L'arresto del giornalista di Ria Novosti Ucraina, Kirill Vyshinsky, con la surreale accusa di alto tradimento, potrebbe inaugurare una nuova serie di persecuzioni a danno dei giornalisti non-allineati con il regime inaugurato dal colpo di Stato di Maydan nel febbraio 2014. Ne parliamo con l'avvocato Marco Bordoni, collaboratore di Saker Italia, e da molti anni osservatore di affari ucraini.

— Il caso più recente di persecuzione nei confronti di giornalisti in Ucraina è l'arresto Vyshinksky, corrispondente dall'Ucraina dell'agenzia Rossiya Segodnya. Accusato di alto tradimento, rischia 15 anni. Qual è la sua opinione sull'accaduto?

— Bisogna dire che la perquisizione negli uffici di RIA Novosti Ucraina e l'arresto del direttore dell'agenzia Kirill Vyshinsky con l'accusa di "tradimento" è solo l'ultimo capitolo della storia di illegalità istituzionalizzata inaugurata, come ho detto, dalle stragi del Maidan e di Odessa del 2014. Mi lasci fornire qualche specifica per il pubblico italiano, che forse non ha seguito la vicenda: il giornalista di RIA Novosti non è accusato di condotte tipiche del gravissimo reato di tradimento come, poniamo, fornire piani militari o segreti di stato al nemico. Nulla di tutto questo. L'accusa è di aver partecipato alla cosiddetta "guerra ibrida" della Russia contro l'Ucraina. Ovviamente la "guerra ibrida" non è una fattispecie giuridica (nessun codice, in nessun paese del mondo, conosce la "guerra ibrida"!), ma una astrazione teorica parto di strateghi militari, commentatori e analisti di politica internazionale. Giocare su questo equivoco è utile al governo di Kiev perché consente di trattare come "nemici" alcuni bersagli indifesi senza trovarsi nella scomoda situazione di fare una guerra "vera" con la Russia, ed anzi senza nemmeno abrogare il trattato di amicizia del 1997.

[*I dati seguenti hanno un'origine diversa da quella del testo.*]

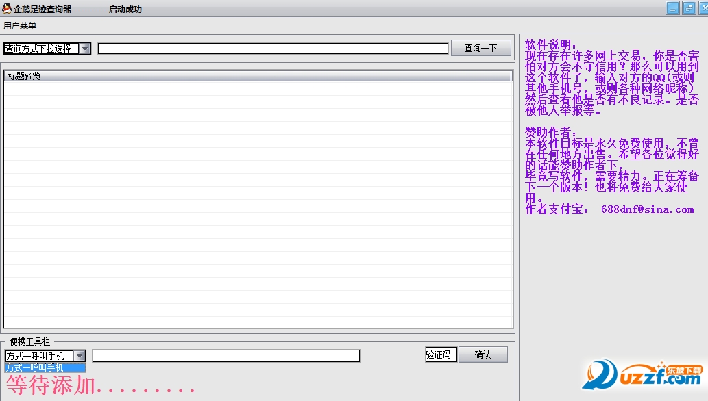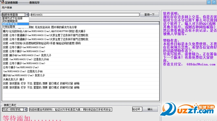 企鹅足迹查询器其实是帮助你查询自己或者他人的上网足迹,通过对方的qq或者微信甚至是网络昵称,能够查到对方的姓名、联系方式甚至住址,还可以查看TA是否有什么网上的不良记录,都可以看到,非常的方便,大家有需要的就来下载吧。
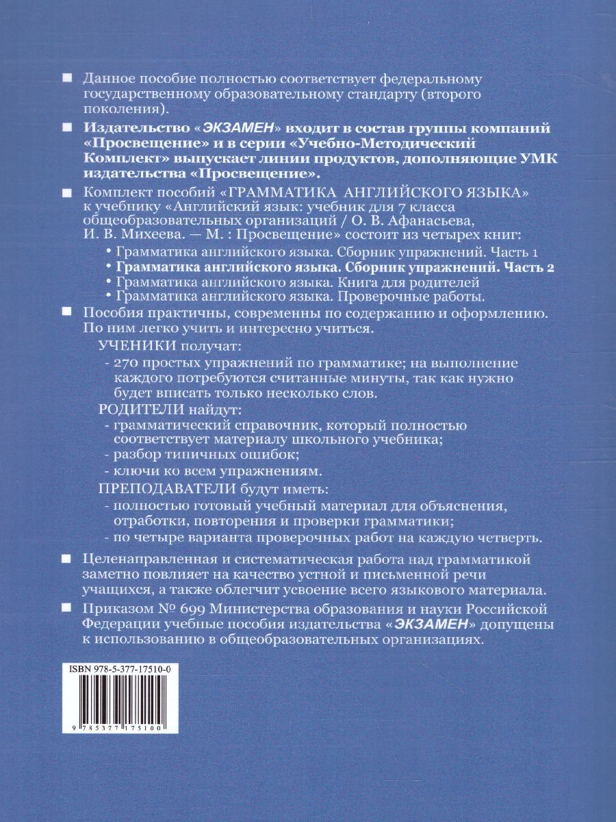 Данное пособие полностью соответствует федеральному государственному образовательному стандарту (второго поколения). Оно представляет собой вторую часть учебного комплекта, состоящего из четырёх книг: -Грамматика английского языка. Сборник упражнений. Часть 1 -Грамматика английского языка. Сборник упражнений. Часть 2 -Грамматика английского языка. Книга для родителей -Грамматика английского языка. Проверочные работы. Сборник содержит 270 грамматических упражнений, обеспечивающих усвоение и закрепление правил грамматики, которые изучаются в 7 классассе. Характер упражнений позволяет выполнять их максимально быстро, что экономит силы и время учащихся и помогает в короткие сроки добиться хорошего знания грамматики. Для учащихся школ с углублённым изучением английского языка, лицеев, гимназий, колледжей, изучающих язык по учебнику О. В. Афанасьевой, И. В. Михеевой "Английский язык: 7 классасс".Характеристики
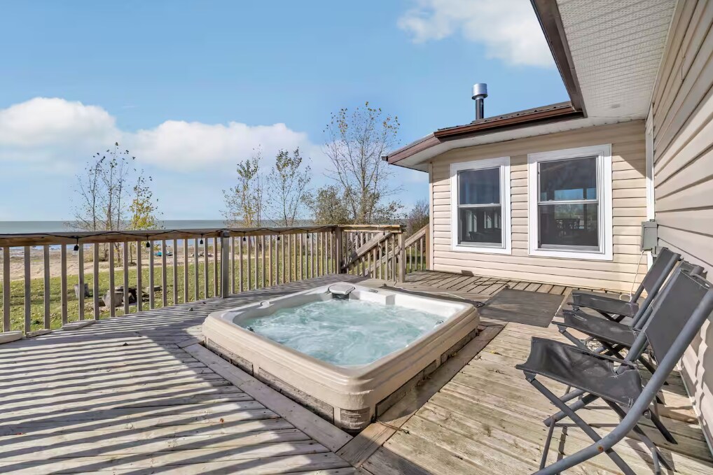 Lakefront • 4BR • 2BA • Hot Tub • Ice Fishing (July and August is Sunday to Sunday.) Your private 4BR, 2BA lakefront retreat—perfect for families, couples, and groups. Relax in the hot tub under the stars, warm up by the fireplace, and enjoy panoramic views of the water from sunrise to sunset. Step outside for: • Direct lake access • Beautiful sunrises/sunsets Unwind in the private hot tub with year-round availability. Guests say the view from the hot tub is their favourite.
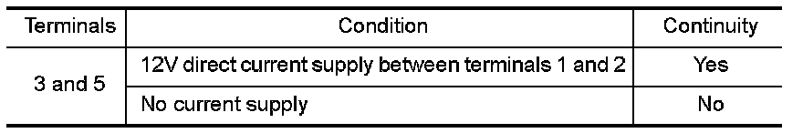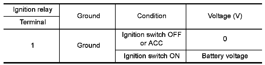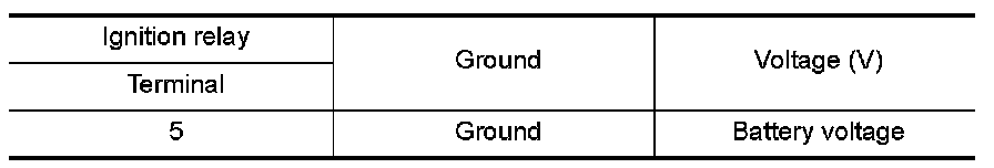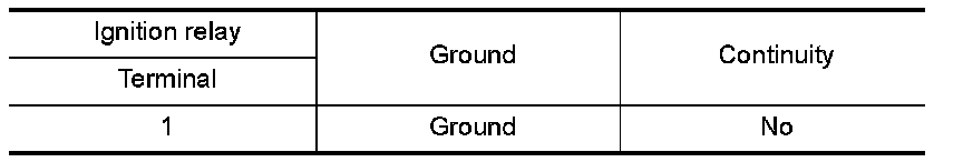 3.Check the continuity between ignition relay terminals under the following conditions.
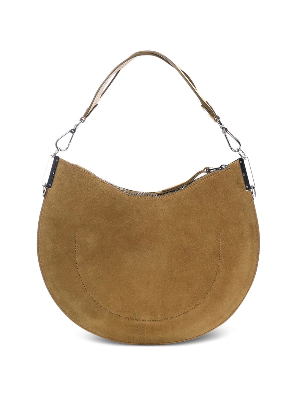 Borsa Coccinelle da donna a mezza luna in suede beige, caratterizzata da una superficie morbida e vellutata che valorizza la linea pulita del modello.
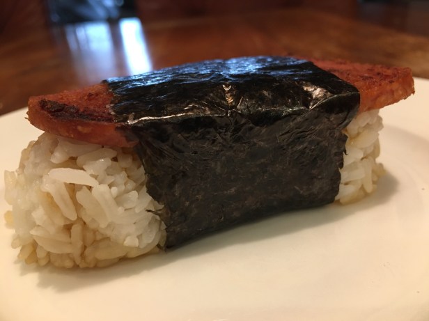 It’s rice , pan fried Spam ham and seaweed. The sauce is 1/4 cup of sugar, 1/4 cup Kikkoman soy and 1/8 cup of brown rice vinegar into a pot on stove until sugar is dissolved.

— Nella guerra ibrida ogni giornalista è potenzialmente un traditore quindi?

— Visto con le lenti deformanti di questa forzatura legale anche il comportamento più banale, come ricevere un riconoscimento onorifico dalle Russia, una medaglia per l'attività giornalistica svolta, o esprimere la propria opinione nell'esercizio della stessa attività, diventa "tradimento".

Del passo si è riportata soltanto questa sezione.